# PROBLEM REQUIREMENTS:
Starting with the line that contains "Selger et custom", copy every line through the end of the data below, exactly and with nothing added.

# INFORMATION PROVIDED:

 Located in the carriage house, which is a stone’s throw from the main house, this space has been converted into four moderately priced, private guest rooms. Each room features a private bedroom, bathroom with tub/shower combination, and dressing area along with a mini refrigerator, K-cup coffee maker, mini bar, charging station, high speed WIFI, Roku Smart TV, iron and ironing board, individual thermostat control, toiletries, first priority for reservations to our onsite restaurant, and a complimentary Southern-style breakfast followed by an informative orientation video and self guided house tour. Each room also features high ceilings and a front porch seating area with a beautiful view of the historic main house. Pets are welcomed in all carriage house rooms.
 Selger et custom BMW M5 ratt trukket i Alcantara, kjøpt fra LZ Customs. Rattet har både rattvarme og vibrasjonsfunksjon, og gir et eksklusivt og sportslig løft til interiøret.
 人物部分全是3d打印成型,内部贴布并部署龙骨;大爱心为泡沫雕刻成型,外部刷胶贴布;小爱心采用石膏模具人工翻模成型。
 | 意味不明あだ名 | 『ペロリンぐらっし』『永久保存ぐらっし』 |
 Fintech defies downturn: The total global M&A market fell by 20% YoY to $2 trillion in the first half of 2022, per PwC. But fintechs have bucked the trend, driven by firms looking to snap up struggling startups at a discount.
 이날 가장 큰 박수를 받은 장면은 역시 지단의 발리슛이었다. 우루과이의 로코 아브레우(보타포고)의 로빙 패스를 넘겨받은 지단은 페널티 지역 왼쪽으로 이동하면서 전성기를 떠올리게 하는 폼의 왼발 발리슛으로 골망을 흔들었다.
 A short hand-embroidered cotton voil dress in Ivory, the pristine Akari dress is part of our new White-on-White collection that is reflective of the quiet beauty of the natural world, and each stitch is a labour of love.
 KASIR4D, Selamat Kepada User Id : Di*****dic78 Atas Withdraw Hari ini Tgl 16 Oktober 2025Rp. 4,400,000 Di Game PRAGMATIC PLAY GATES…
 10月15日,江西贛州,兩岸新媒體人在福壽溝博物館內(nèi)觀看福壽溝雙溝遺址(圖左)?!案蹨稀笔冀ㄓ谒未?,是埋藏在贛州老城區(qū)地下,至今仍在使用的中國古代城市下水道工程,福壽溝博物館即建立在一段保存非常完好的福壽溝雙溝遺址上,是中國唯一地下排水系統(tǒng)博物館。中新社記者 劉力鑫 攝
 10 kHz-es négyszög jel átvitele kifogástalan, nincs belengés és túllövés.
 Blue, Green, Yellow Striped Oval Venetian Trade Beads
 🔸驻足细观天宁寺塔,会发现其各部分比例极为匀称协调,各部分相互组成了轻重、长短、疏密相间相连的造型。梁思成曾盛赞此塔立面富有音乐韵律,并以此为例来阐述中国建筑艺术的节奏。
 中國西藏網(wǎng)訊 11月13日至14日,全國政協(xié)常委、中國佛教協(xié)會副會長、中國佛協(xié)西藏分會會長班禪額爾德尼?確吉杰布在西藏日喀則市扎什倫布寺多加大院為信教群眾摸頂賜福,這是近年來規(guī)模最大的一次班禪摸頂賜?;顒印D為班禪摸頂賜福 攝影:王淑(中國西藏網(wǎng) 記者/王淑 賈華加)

# FINISHED EXERCISE:
 Selger et custom BMW M5 ratt trukket i Alcantara, kjøpt fra LZ Customs. Rattet har både rattvarme og vibrasjonsfunksjon, og gir et eksklusivt og sportslig løft til interiøret.
 人物部分全是3d打印成型,内部贴布并部署龙骨;大爱心为泡沫雕刻成型,外部刷胶贴布;小爱心采用石膏模具人工翻模成型。
 | 意味不明あだ名 | 『ペロリンぐらっし』『永久保存ぐらっし』 |
 Fintech defies downturn: The total global M&A market fell by 20% YoY to $2 trillion in the first half of 2022, per PwC. But fintechs have bucked the trend, driven by firms looking to snap up struggling startups at a discount.
 이날 가장 큰 박수를 받은 장면은 역시 지단의 발리슛이었다. 우루과이의 로코 아브레우(보타포고)의 로빙 패스를 넘겨받은 지단은 페널티 지역 왼쪽으로 이동하면서 전성기를 떠올리게 하는 폼의 왼발 발리슛으로 골망을 흔들었다.
 A short hand-embroidered cotton voil dress in Ivory, the pristine Akari dress is part of our new White-on-White collection that is reflective of the quiet beauty of the natural world, and each stitch is a labour of love.
 KASIR4D, Selamat Kepada User Id : Di*****dic78 Atas Withdraw Hari ini Tgl 16 Oktober 2025Rp. 4,400,000 Di Game PRAGMATIC PLAY GATES…
 10月15日,江西贛州,兩岸新媒體人在福壽溝博物館內(nèi)觀看福壽溝雙溝遺址(圖左)?!案蹨稀笔冀ㄓ谒未?,是埋藏在贛州老城區(qū)地下,至今仍在使用的中國古代城市下水道工程,福壽溝博物館即建立在一段保存非常完好的福壽溝雙溝遺址上,是中國唯一地下排水系統(tǒng)博物館。中新社記者 劉力鑫 攝
 10 kHz-es négyszög jel átvitele kifogástalan, nincs belengés és túllövés.
 Blue, Green, Yellow Striped Oval Venetian Trade Beads
 🔸驻足细观天宁寺塔,会发现其各部分比例极为匀称协调,各部分相互组成了轻重、长短、疏密相间相连的造型。梁思成曾盛赞此塔立面富有音乐韵律,并以此为例来阐述中国建筑艺术的节奏。
 中國西藏網(wǎng)訊 11月13日至14日,全國政協(xié)常委、中國佛教協(xié)會副會長、中國佛協(xié)西藏分會會長班禪額爾德尼?確吉杰布在西藏日喀則市扎什倫布寺多加大院為信教群眾摸頂賜福,這是近年來規(guī)模最大的一次班禪摸頂賜?;顒印D為班禪摸頂賜福 攝影:王淑(中國西藏網(wǎng) 記者/王淑 賈華加)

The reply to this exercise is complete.